Excerpts from Jim Conrad's
Naturalist Newsletter

Strawberry plants in flower

from the the May 31, 2009 Newsletter, issued from the Siskiyou Mountains west of Grants Pass, Oregon:
LOOKING AT STRAWBERRY FLOWERS

Behind my friends' house there's a slope absolutely covered with flowering strawberry plants. A small section showing white flowers and trifoliate leaves is shown above. Unfortunately, the abundant harvest the blossoms seem to promise never develops. The flowers simply dry up and fall off. The reason is that the plants haven't been cultivated for years, but a strawberry plant produces good fruit for only two or three years. New plants produced at the rooting tips of a mother plant's stolons can be transplanted and those daughter plants will produce large fruits if properly cultivated, but no matter how well the mother plant is taken care of, it loses its vigor once it's issued its share of stolons. We've transplanted lots of young plants to new beds so before long we should have plenty of fresh strawberries.

Strawberry "fruits" are bizarre things but they can be understood by looking at the flowers from which they come. In the world of flowers, the simplest blossoms are those containing a single pistil, comprising the stigma, style and ovary -- the female parts. You may want to review basic flower structure at http://www.backyardnature.net/fl_stand.htm.

Individual strawberry flowers depart from that basic one-pistil arrangement by bearing many pistils. A diagram showing the two different configurations -- a flower with one pistil and another with many -- is at http://www.backyardnature.net/pix/pistil.gif.

Take a look at the strawberry flower cross-section below:

Strawberry flower cross-section

The tallest items topped by golden horseshoe thingies are pollen-producing male stamens. Notice how they arise around the female parts in the flower's center. So far that's like our Standard Blossom. Now notice that at the very center of the flower I've cut across a little hill composed of nothing but undifferentiated tissue, and covering the hillock are numerous oval, shiny things. Each shiny thing is topped by a slender, yellow, matchstick-like item. The shiny things are ovaries and the sticklike things are stigma-tipped styles -- in other words, the little hill is covered with many pistils. The hillock in the picture's center is called the receptacle.

So, here's the thing: Unlike our Standard Blossom, a single strawberry flower's receptacle bears many pistils.
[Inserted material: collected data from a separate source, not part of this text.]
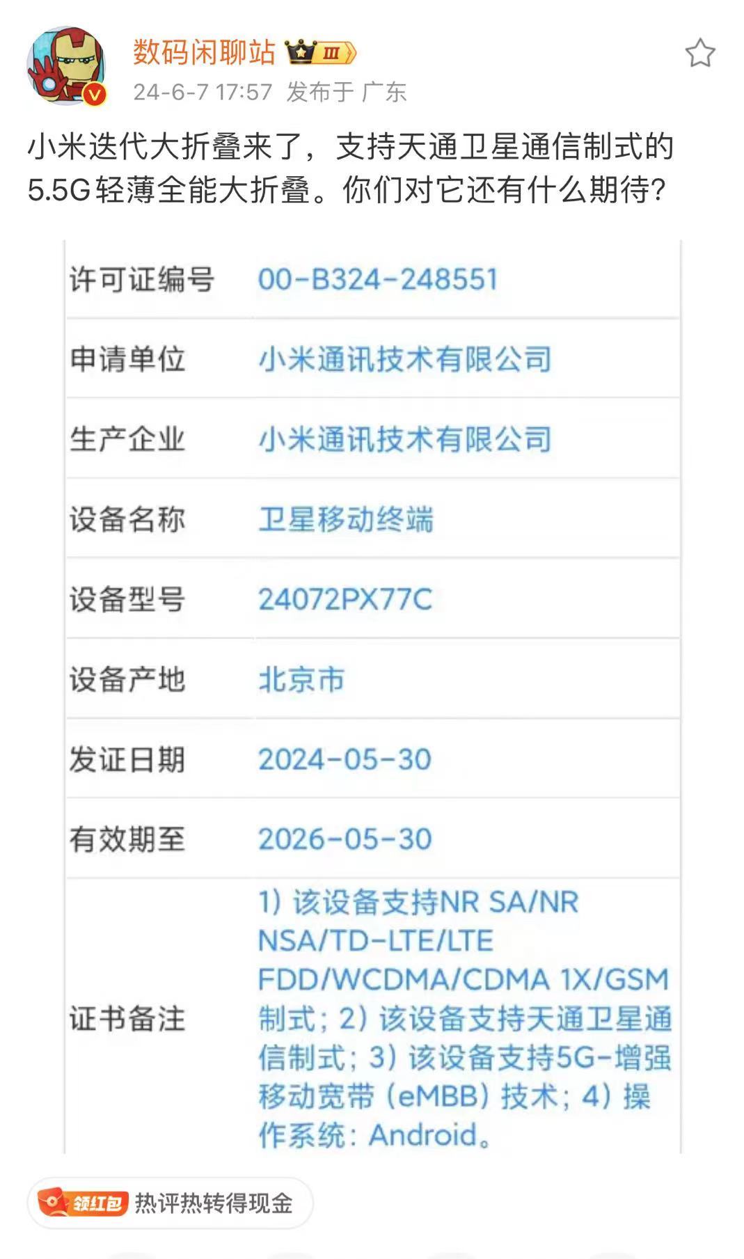 文章来源于互联网:凤凰网-小米MIX Fold 4“卫星移动终端”通过工信部入网审查,支持5.5G网络
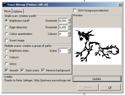 Adjusting the "Brightness reduction" threshold you can optimise the resulting image; the update button helps getting an idea of the result before confirmation; click OK. By doing this, you´re taken back to the drawing,where a vectorial copy was layed over the original image; move this away (Pic.5) and delete it by pressing "del" (in case you remove the wrong one, the always handy CTRL-Z undoes the last operation).
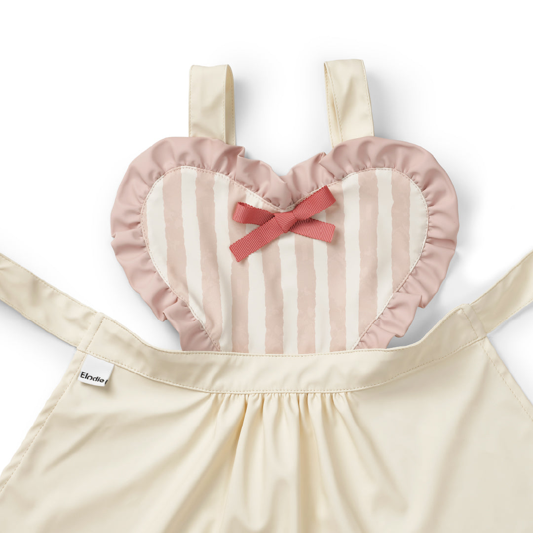 エプロンタイプで身丈が35cmあるので、お腹の下までお気に入りにお洋服を食べこぼしの汚れから保護します。お食事だけじゃなくお手伝いの際もつけてあげるとママになった気分で楽しくお手伝いもできます。
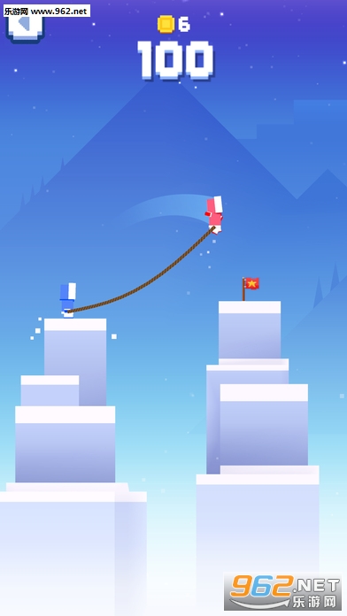 在游戏中,绳子的两段分别绑着一个角色,玩家要控制着这对命运被绳索“羁绊”在一起的好基友在冰封峡谷开始冒险。游戏开始后,点击屏幕就可让其中一个角色跳跃,按压屏幕时间越长,跳跃的距离越远,玩家要根据峡谷间隙来判断,保证每次都能安全着陆。这个峡谷峰顶是高低不平的,且峰顶不一定是完全平整的,因此当他们着陆时需尽快离开,否则会滑到谷底。
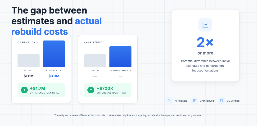 ClaimArchitect is available for a flat fee with a money-back guarantee if the valuation doesn't exceed the homeowner's existing estimate. The service is designed for high-value homes with potential rebuild costs in the high six figures or above. ClaimArchitect provides construction cost estimates only and does not interpret coverage, provide legal advice, or negotiate with insurers.
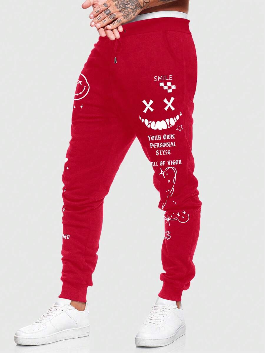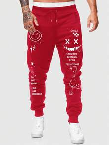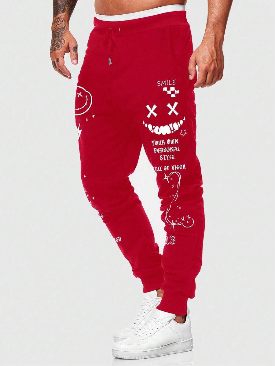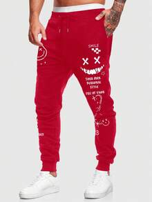 Street Life Men's Drawstring Creative Print Casual Jogger Pants, Fashionable Streetwear
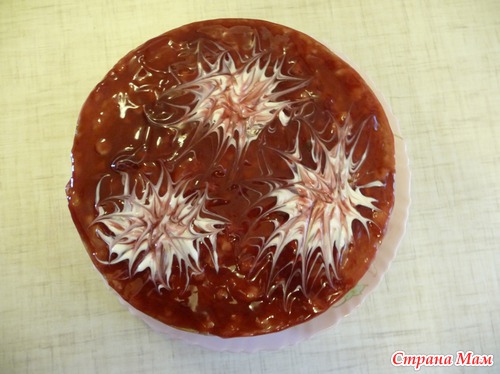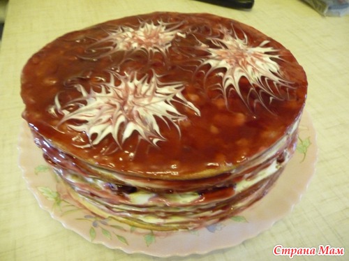 В этом тортике я использовала сметанный крем и вишни. Сверху торт залила густым киселем,
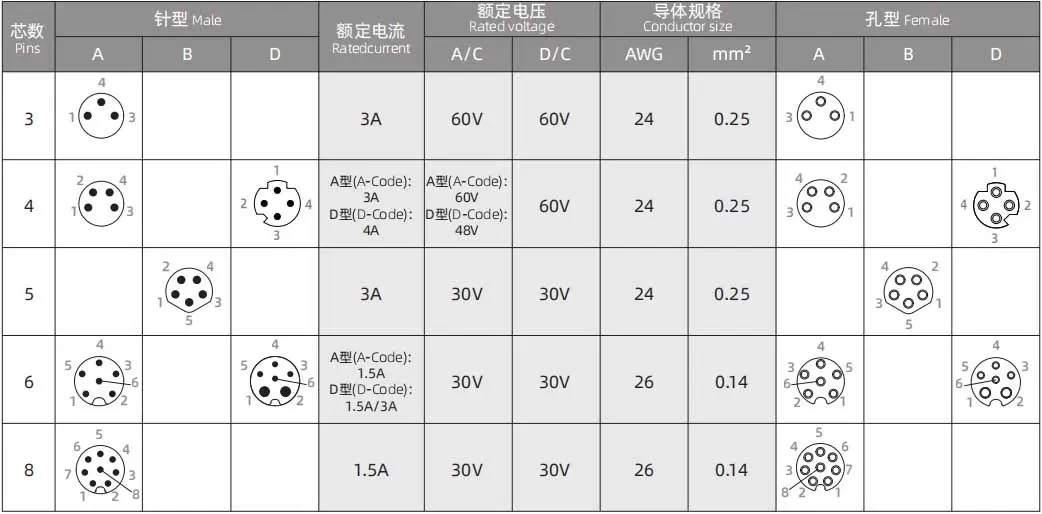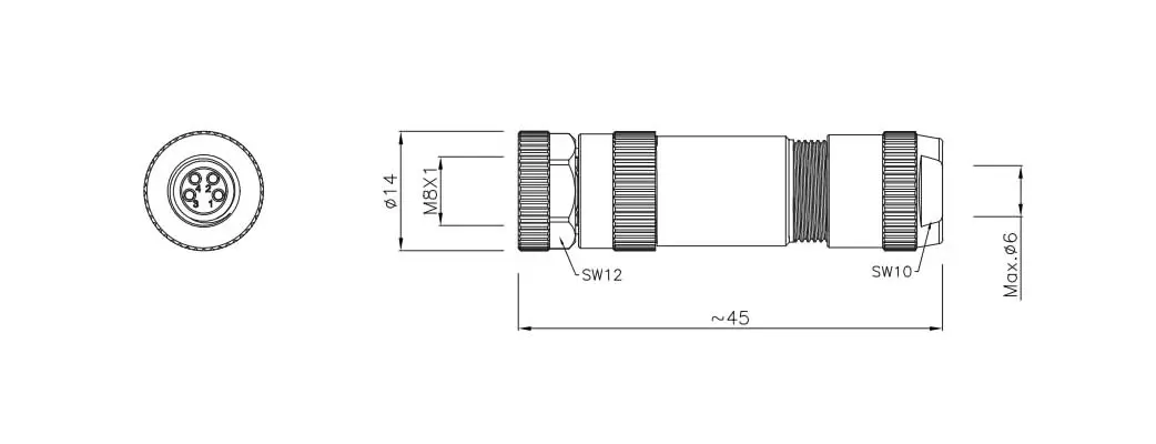 Connecteurs standards européens Série M8 Type de structure : Fiche droite assemblée en métal Type de broche : Type femelle Nombre de contacts : 3, 4 broches, Méthode de connexion : Vis Blindage : Oui Certification : CE, RoHS, UL, Norme : CEI 61076-2-104
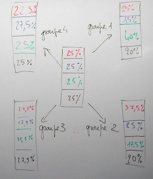 Une simulation analogique basée sur une population de 20 individus possédant 4 allèles avec des fréquences de 25 % au départ conduit à constater que les résultats sont différents d'un groupe à l'autre alors que la procédure était la même pour tous. Il est donc établi qu'au sein d'un petit groupe d'individus se reproduisant entre eux, les fréquences alléliques peuvent varier fortement de façon aléatoire. L'utilisation itérative du petit logiciel qui reproduit l'expérience analogique conduit même à constater que certains allèles peuvent disparaître et que ce ne sont pas les mêmes d'une simulation à l'autre.
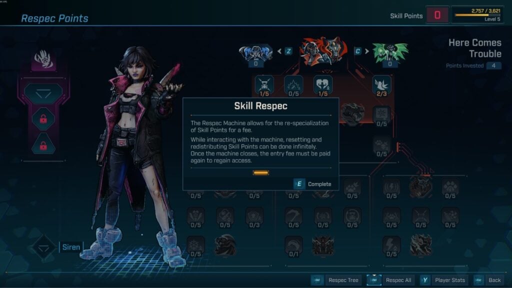 Approach one of these Respec Machines and hold the interact button (Square button for PlayStation controller and E on keyboard) to open the menu. The Machine will show a skill tree replica and the cost to respec. This cost should depend on your level.
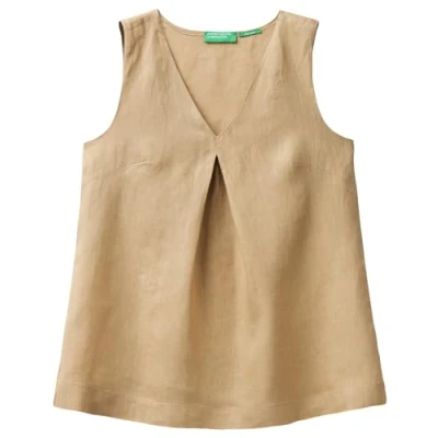 Sleeveless linen blouse with A-fit. V-neck and brim on the front. Women's shirt Brand: United Colors of Benetton
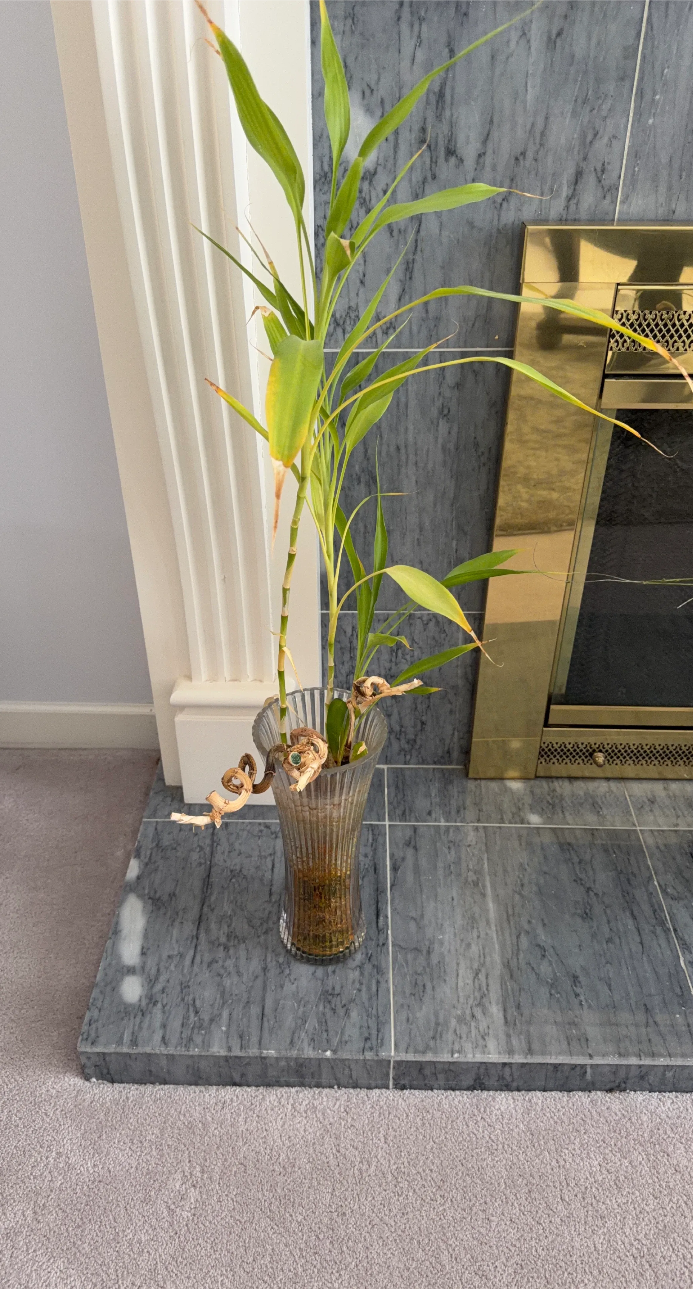 A vibrant lucky bamboo plant is beautifully presented in a fluted glass vase. It's a charming addition to any space! This plant thrives in water and is known for its elegant, sculptural stalks.
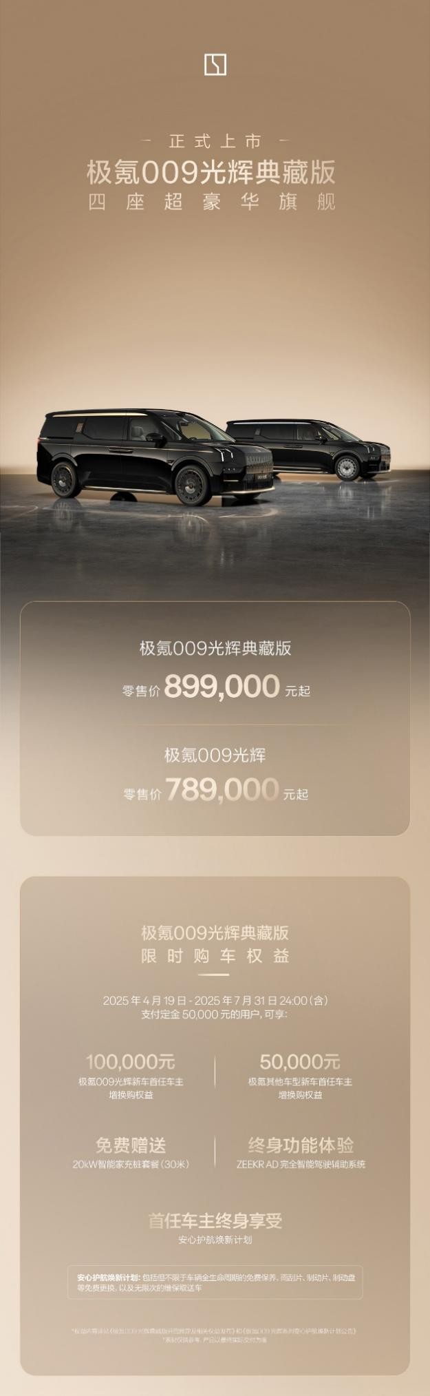 【2025年4月19日,嘉兴】今日,极氪品牌正式发布四座超豪华旗舰的特别版本——极氪009光辉典藏版,官方零售价为89.90万元起。即日起,用户可通过极氪App、极氪官网、极氪小程序、全国各大城市的极氪门店等官方渠道进行预定,并将于2025年6月开启全国交付。
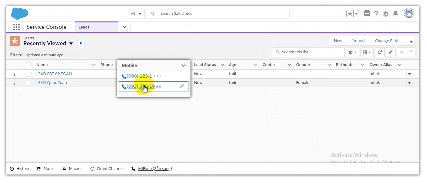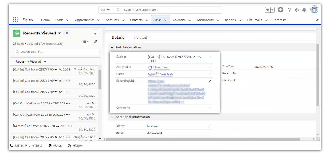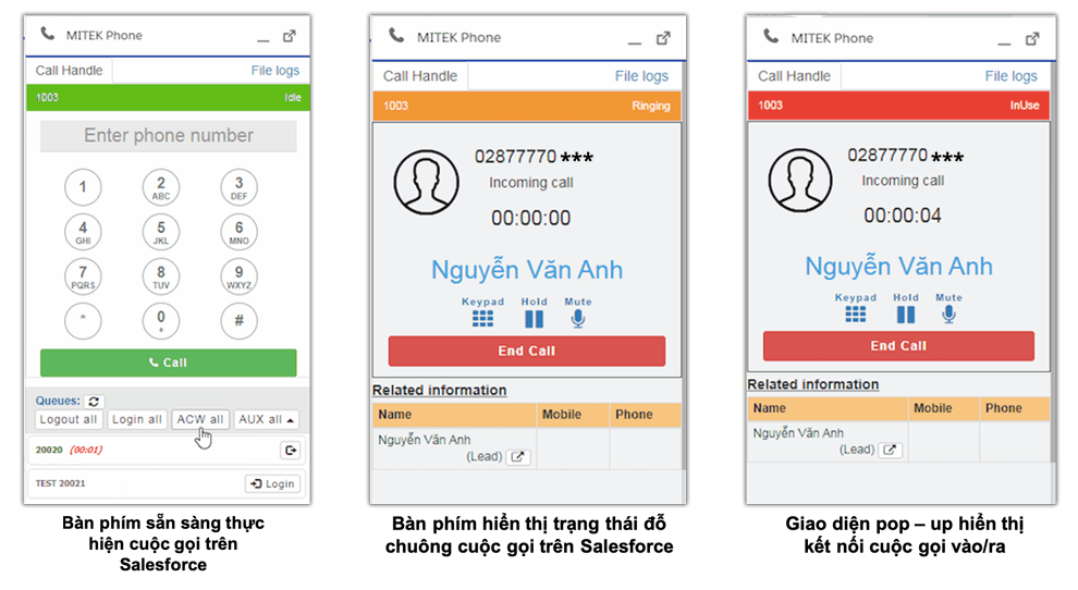 Các giao diện MITEK Phone được hiển thị trên Salesforce CRM
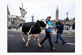 Коровы и тракторы заполонили сегодня Парламентский холм: тысячи фермеров-производителей молока собрались там с требованием к федеральному правительству обеспечить соблюдение законов относительно использования диафильтрованного молока. К протестующим присоединились и фермеры, прибывшие в Оттаву на тракторах из Квебека.
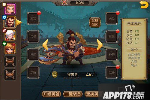 阵容:点击阵容红点代表你拥有的装备,点击一键装备可全部穿上。英雄下方可以看到升级英雄,一键装备,更换英雄,技能详情。点击更换英雄可替换当前英雄,选择你期望的英雄上阵。打开技能详情,可升级该英雄技能,升级技能消耗银两,随着英雄等级的升高,可提升的技能等级也会升高。

In most flowers the pistil matures into the fruit. With strawberry flowers there's a whole different story. Look at the next close-up, which shows an older flower after the white petals have fallen off, below:

immature strawberry flower

In that picture the receptacle is beginning to enlarge tremendously causing the pistils to become more and more separated from one another. The spongy-looking sphere is the receptacle. The pistils themselves are maturing into special kinds of fruits called achenes, which are dry, one-seeded fruits that don't split open upon maturity. The sunflower "seeds" we eat also are achenes. Each achene in the picture is accompanied by the brown, shriveling-up remains of its stigma-tipped style. At the bottom of the spongy receptacle you can see remains of shriveled stamens.

So, you can already guess that the green, spongy receptacle in the above picture is going to enlarge even much more, eventually will turn soft, juicy and red, and when we bite into that receptacle, the strawberry, the soft-gritty little things that may get stuck in our teeth are achenes, which are the actual strawberry fruits we'd sow if we wanted to grow strawberries from seed.